Friday, March 4, 2016

Conversation with Hyung-ki Joo about upcoming comedy+music show with Oregon Symphony


Igudesman & Joo will be performing with the Oregon Symphony this Sunday evening at the Arlene Schnizter Concert Hall. The duo consists of classical musicians Aleksey Igudesman and Richard Hyung-ki Joo, whose shows combine comedy with classical music and popular culture, including country western, rap, and jazz. They are hilarious and at the same time top notch musicians. I talked with Joo over the phone while he was getting ready to rehearse one of their shows in Seattle. Here is part of our conversation.

How long have been performing as a music/comedy duo?

Joo:  Officially as a duo, we are 12 years old. That’s ironic, because we met when we were 12 years old, and mentally we are still 12 years old.

I read that you met each other while studying at the Yehudi Menuhin School in London.

Joo:  Yes, that’s where we met when we were 12 and the madness all started. It was a very small school with a maximum of 50 students. We were very lucky that Menuhin was still around in those days. His inspiration definitely rubbed off on us. Besides being one of the world’s greatest violinists, Menuhin was a humanitarian, a very open-minded person. He was probably the first serious classical musician to cross over and play with musicians like St├ęphane Grappelli, Ravi Shankar, and Duke Ellington. He also had a wonderful sense of humor. He practiced yoga until his last day, and he could stand on his head. He directed the Berlin Philharmonic a couple of times while standing on his head and waving his legs. We think that had he lived a little longer and seen our show, he would have liked it.

So your humorous skits started while you were in school?

Joo:  We developed some things while we were still in school, experimenting with ideas. We wanted to create a concert that we would want to go to ourselves. We found classical concerts an alienating experience even for ourselves as passionate, idealistic students. We found ourselves getting uninspired and the whole ceremony pretentious, stuffy, and off-putting. We decided that we would make our own concerts according to what we desired. We went to a lot of theater and plays – especially Chekov, Wilde, and Shakespeare. We both grew up Monty Python. So, we thought that we would try to combine all of these elements in to one concert. Many years later we looked into our history books and realized that what we are doing is quite retro.

Victor Borge, Peter Schickele, Anna Russell and others paved the way for performing musical humor.

Joo:  Yes, and although Schickele is still creating pieces, he and the others you mentioned come from a time when classical references were more of a part of daily culture. Sadly, today we are less cultured in the area of classical music. I mean, in the 50s, 60s, and 70s Leonard Bernstein’s Young People’s Concerts were televised. Nowadays, even if something like that were to occur, it wouldn’t be televised. Back then, many homes still had a piano – even the lower and middle classes – but that all changed with the radio, TV, and the popularization of culture.
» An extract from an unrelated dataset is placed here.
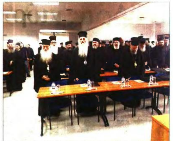
Στην ενημερωτική ημερίδα συμμετείχαν 75 εκπρόσωποι από 50 Μητροπόλεις. Κεντρικός ομιλητής ήταν Μητροπολίτης Μεσογαίας και Λαυρεωτικής κ. Νικόλαος, πρόεδρος της Επιτροπής Βιοηθικής της Ιεράς Συνόδου

Καταλήγοντας, αναφέρθηκε στην ασάφεια των παραγόντων που συντελούν στη διαμόρφωση του φαινομένου της ομοφυλοφιλίας, καθώς, όπως σημείωσε, «δεν υπάρχουν ακόμα ξεκάθαρες επιστημονικές αποδείξεις όσον αφορά τα αίτια του φαινομένου, ενώ είναι πιθανόν πολλά από τα επιστημονικά πορί-

So what we do is challenging for us, but it’s a lot of fun. We have to not alienate audience by being too clever and by having too many musical jokes that only connoisseurs would get. We are serious musicians who have performed concerti and won competitions. Orchestras like to appear on stage with us because they realize that we are genuine musicians and not just clowns. For us, music is the most important thing and humor is secondary.

Is your show “BIG Nightmare Music” scripted so to speak?

Joo:  Everything is written out, but within that framework there are many moments for surprise and spontaneity. We encourage the orchestra in rehearsal to surprise us during the show. We tell them “Look if you have anything crazy that you would like to try and always wanted to do, do it! Don’t ask us for permission as long as it doesn’t sabotage the show and ruin the music. Just be our guest.

Once you give an orchestra permission to tap into their inner pranky child, the results are wonderful – especially for the audience. They see their local orchestra being human and having fun, and that is a connection on a much larger level.

Can you give us an example of something that happened at one of your concerts that really surprised you?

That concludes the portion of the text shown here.